→ Work to complete: Copy each line of the data below exactly, leaving out pictures.

# # # # #

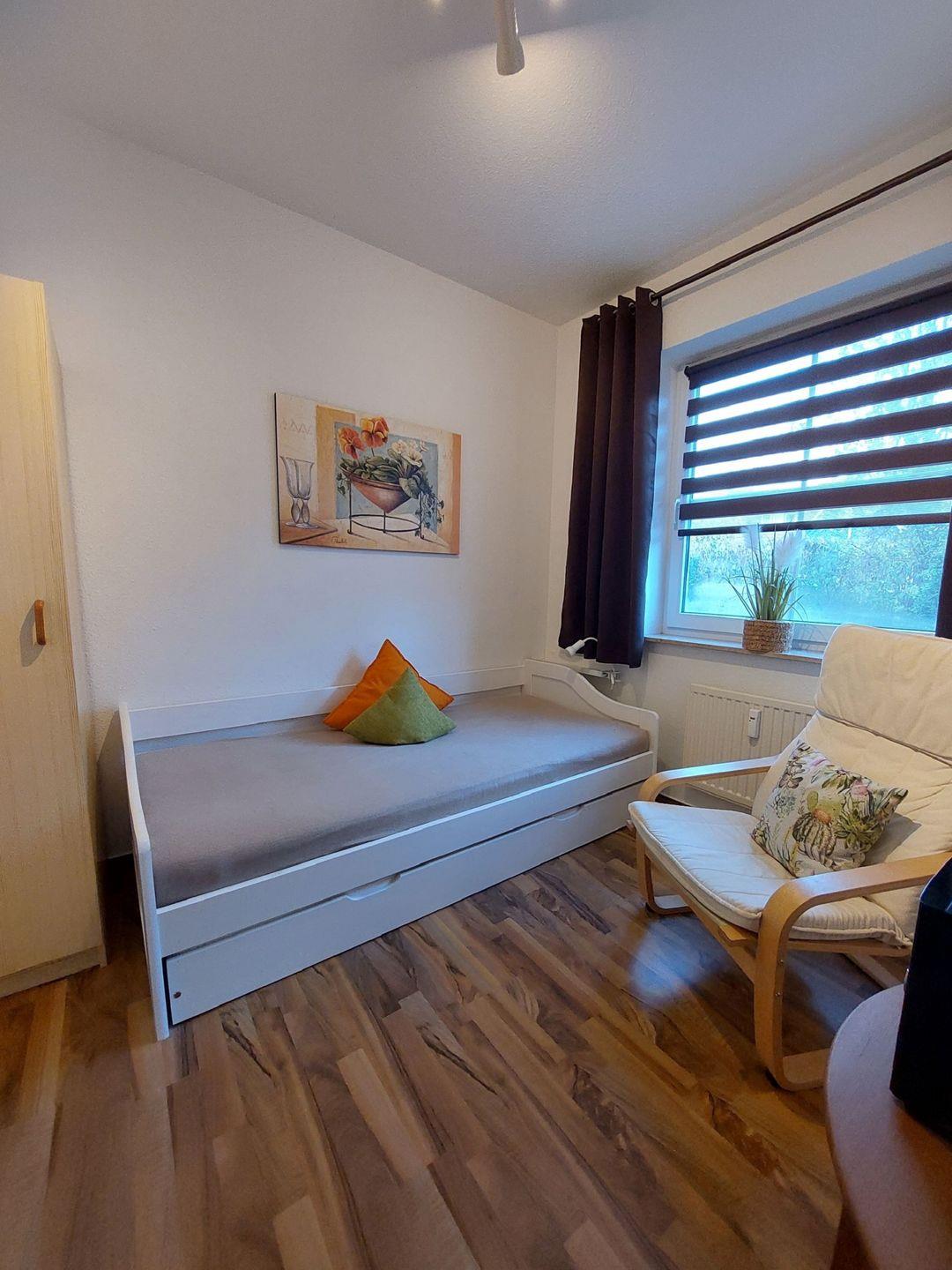 Ein weiteres nach Norden ausgerichtetes Zimmer kann als Schlaf- oder Kinderzimmer genutzt werden.
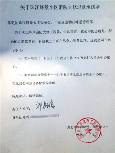 康景公司称,目前这笔钱正在退款中。10月28日,收款单位湖北红太阳建设工程公司(以下简称“红太阳公司”)出具了一份《退款承诺函》,称消防大修工程款将分两笔归还:10月30日前将200万打入资金中心账户,剩余退款金额于11月15日前退回。
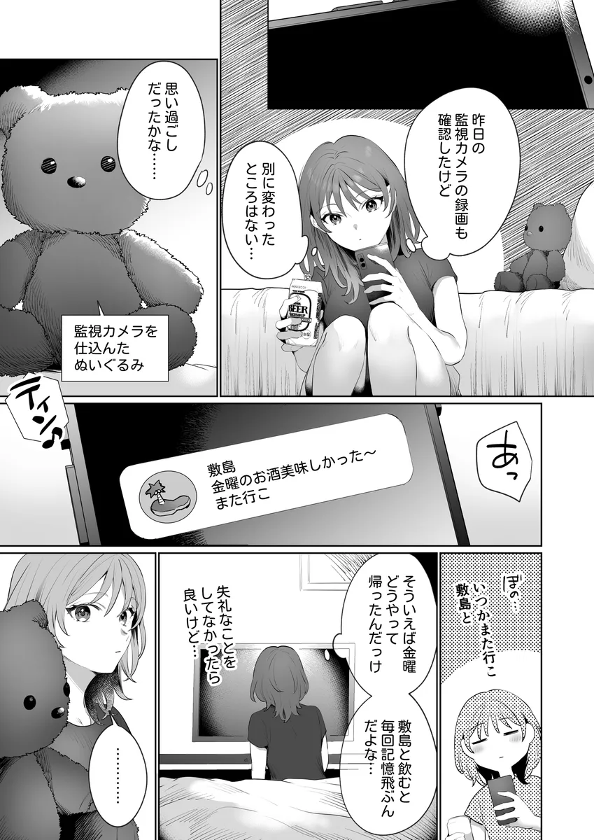 これは盗撮でも企画ものAVでもない。間違いなく麻帆が自分の部屋に自分の手で仕掛けたカメラが捉えた映像だ。そこには同期の敷島にハメられる自分の姿が映っていた。麻帆は酔いつぶれて一向に起きる気配がない。麻帆は、寝たまま敷島に犯されていたのだ。そんな敷島は、顔良し業績良しの社内では人気者。女子の視線も熱い。事の発端は数週間前に遡る。たまたま飲食店で敷島と一緒になった麻帆。最初は気まずかったが、意外と話が合って意気投合。気が付いたら毎週末一緒に飲む仲になっていた。次第に麻帆は敷島に惹かれていく。そして、ついついお酒を飲みすぎてしまいついに事件が起きる…。
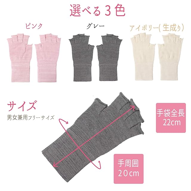 締め付けないから24時間着用できる。(昼間:ハンドウォーマー、夜間:おやすみ手袋として)「美肌シルク」でお肌つるつる。「潤いアロエ」で手肌しっとり。沖縄アロエベラ保湿成分を配合した新繊維「moist」配合。配合率:シルク45%、アロエ繊維(moist)55%。
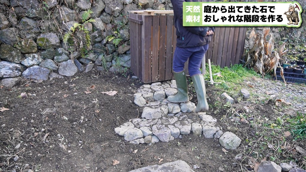 今はまだ土が見えていて殺風景かもしれませんが、これから隙間に植物を植えたり、緑が入ってきたりすることで、より自然なロックガーデンへと進化していきます。これで毎日のコンポスト作業も、滑ることなく快適に行えますね。
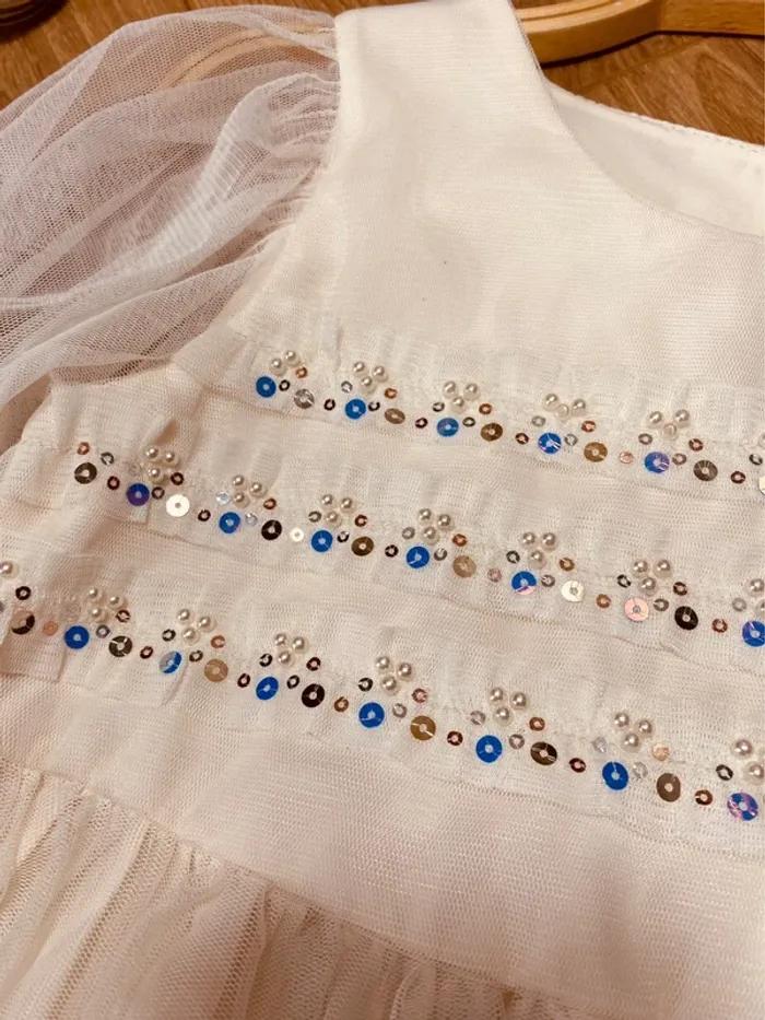 Taille 5-6 ans robe manches 3/4 fille H&M crème ivoire * sequins et tulle * 🩷 - photo numéro 7

# # # # #

→ Exercise result:
 Ein weiteres nach Norden ausgerichtetes Zimmer kann als Schlaf- oder Kinderzimmer genutzt werden.
 康景公司称,目前这笔钱正在退款中。10月28日,收款单位湖北红太阳建设工程公司(以下简称“红太阳公司”)出具了一份《退款承诺函》,称消防大修工程款将分两笔归还:10月30日前将200万打入资金中心账户,剩余退款金额于11月15日前退回。
 これは盗撮でも企画ものAVでもない。間違いなく麻帆が自分の部屋に自分の手で仕掛けたカメラが捉えた映像だ。そこには同期の敷島にハメられる自分の姿が映っていた。麻帆は酔いつぶれて一向に起きる気配がない。麻帆は、寝たまま敷島に犯されていたのだ。そんな敷島は、顔良し業績良しの社内では人気者。女子の視線も熱い。事の発端は数週間前に遡る。たまたま飲食店で敷島と一緒になった麻帆。最初は気まずかったが、意外と話が合って意気投合。気が付いたら毎週末一緒に飲む仲になっていた。次第に麻帆は敷島に惹かれていく。そして、ついついお酒を飲みすぎてしまいついに事件が起きる…。
 締め付けないから24時間着用できる。(昼間:ハンドウォーマー、夜間:おやすみ手袋として)「美肌シルク」でお肌つるつる。「潤いアロエ」で手肌しっとり。沖縄アロエベラ保湿成分を配合した新繊維「moist」配合。配合率:シルク45%、アロエ繊維(moist)55%。
 今はまだ土が見えていて殺風景かもしれませんが、これから隙間に植物を植えたり、緑が入ってきたりすることで、より自然なロックガーデンへと進化していきます。これで毎日のコンポスト作業も、滑ることなく快適に行えますね。
 Taille 5-6 ans robe manches 3/4 fille H&M crème ivoire * sequins et tulle * 🩷 - photo numéro 7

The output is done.